1929 - Medicine
Medicine
Crude penicillin gets its first clinical application January 9 at St. Mary's Hospital, London (see 1928). Alexander Fleming treats an assistant suffering from an infected antrum by washing out the man's sinus with diluted penicillin broth, successfully destroying most of the staphylococci (see 1928; 1931).
Physician-bacteriologist Fernand-Isidore Widal dies at Paris January 14 at age 66.
Harvard physician Samuel A. (Albert) Levine, 38, notes that 60 out of 145 heart attack patients have been hypertensive—the first link between hypertension (high blood pressure) and fatal heart disease.
Angioplasty for coronary heart disease is pioneered by German medical researcher Werner Forssmann, 23, who shows that a flexible catheter inserted into a vein in the elbow can be safely extended into the heart. Experimenting on himself, he watches the progress of the catheter in a mirror held in front of a fluoroscope screen. Condemned for being so foolhardy, Forssmann gives up cardiology in favor of urology (but see 1941).
Austrian-born U.S. psychiatrist Manfred J. Sakel, 29, uses overdoses of insulin to produce shock and finds it effective in many cases of schizophrenia (see Banting, Best, 1922; Thorazine, 1954).
The first Blue Cross nonprofit tax-exempt health insurance association is organized at Dallas, Texas, where local schoolteachers, whose unpaid bills have been a burden to Baylor University Hospital, make an arrangement with the hospital. Each teacher is guaranteed up to 21 days' free use of a semiprivate room and other hospital services on condition that small monthly fees be paid in advance on a regular basis. The program will quickly spread to all hospitals in the area with a central agency to collect the fees and the Blue Cross trademark of the American Hospital Association (the national association of voluntary hospitals, AHA) will be used by agencies throughout the country that meet AHA standards. By 1935 Blue Cross will have half a million subscribers and a Blue Shield program set up by medical societies and local doctors' guilds will provide surgical insurance (see 1940).

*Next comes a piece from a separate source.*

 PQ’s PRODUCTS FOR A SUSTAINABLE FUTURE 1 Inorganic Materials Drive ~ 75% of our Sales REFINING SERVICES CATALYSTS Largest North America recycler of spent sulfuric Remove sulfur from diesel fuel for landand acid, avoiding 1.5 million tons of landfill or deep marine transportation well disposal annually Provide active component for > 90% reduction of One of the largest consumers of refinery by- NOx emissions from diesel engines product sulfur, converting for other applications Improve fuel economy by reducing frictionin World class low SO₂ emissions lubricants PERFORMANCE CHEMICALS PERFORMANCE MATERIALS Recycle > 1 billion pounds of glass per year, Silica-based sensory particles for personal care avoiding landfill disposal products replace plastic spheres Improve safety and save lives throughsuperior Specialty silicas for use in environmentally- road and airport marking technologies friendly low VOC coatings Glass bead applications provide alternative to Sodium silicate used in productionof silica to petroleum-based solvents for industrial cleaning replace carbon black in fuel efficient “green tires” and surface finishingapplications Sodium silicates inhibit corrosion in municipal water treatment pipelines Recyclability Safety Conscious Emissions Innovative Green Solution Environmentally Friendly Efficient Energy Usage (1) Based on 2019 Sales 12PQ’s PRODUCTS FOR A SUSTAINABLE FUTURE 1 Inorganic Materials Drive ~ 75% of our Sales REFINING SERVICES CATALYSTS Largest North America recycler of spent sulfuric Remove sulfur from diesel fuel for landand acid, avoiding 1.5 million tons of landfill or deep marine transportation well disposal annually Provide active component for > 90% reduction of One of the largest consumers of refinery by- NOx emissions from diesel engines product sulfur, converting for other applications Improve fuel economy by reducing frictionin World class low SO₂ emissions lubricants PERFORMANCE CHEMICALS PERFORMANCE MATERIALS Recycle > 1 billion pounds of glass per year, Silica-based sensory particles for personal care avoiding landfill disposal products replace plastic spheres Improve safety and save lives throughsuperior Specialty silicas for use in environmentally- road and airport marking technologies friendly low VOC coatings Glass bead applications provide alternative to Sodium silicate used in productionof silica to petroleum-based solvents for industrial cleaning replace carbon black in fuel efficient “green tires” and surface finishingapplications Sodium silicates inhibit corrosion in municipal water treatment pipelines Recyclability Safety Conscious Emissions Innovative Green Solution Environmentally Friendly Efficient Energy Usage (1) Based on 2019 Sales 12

The Seeing Eye is founded at Nashville, Tenn., by local philanthropist and dog fancier Dorothy Wood Eustis (née Harrison), 43, who breeds German shepherds. She saw a 1927 magazine article about a Swiss school that trained dogs for blinded war veterans, was asked by a blind Tennessee man to train a dog for him, and has opened the first Seeing Eye class. Her operation will move to Whippany, N.J., in 1932 and to Morristown, N.J., in 1965, training more than 4,500 Seeing Eye dogs (shepherds, labradors, and golden retrievers) for the sightless.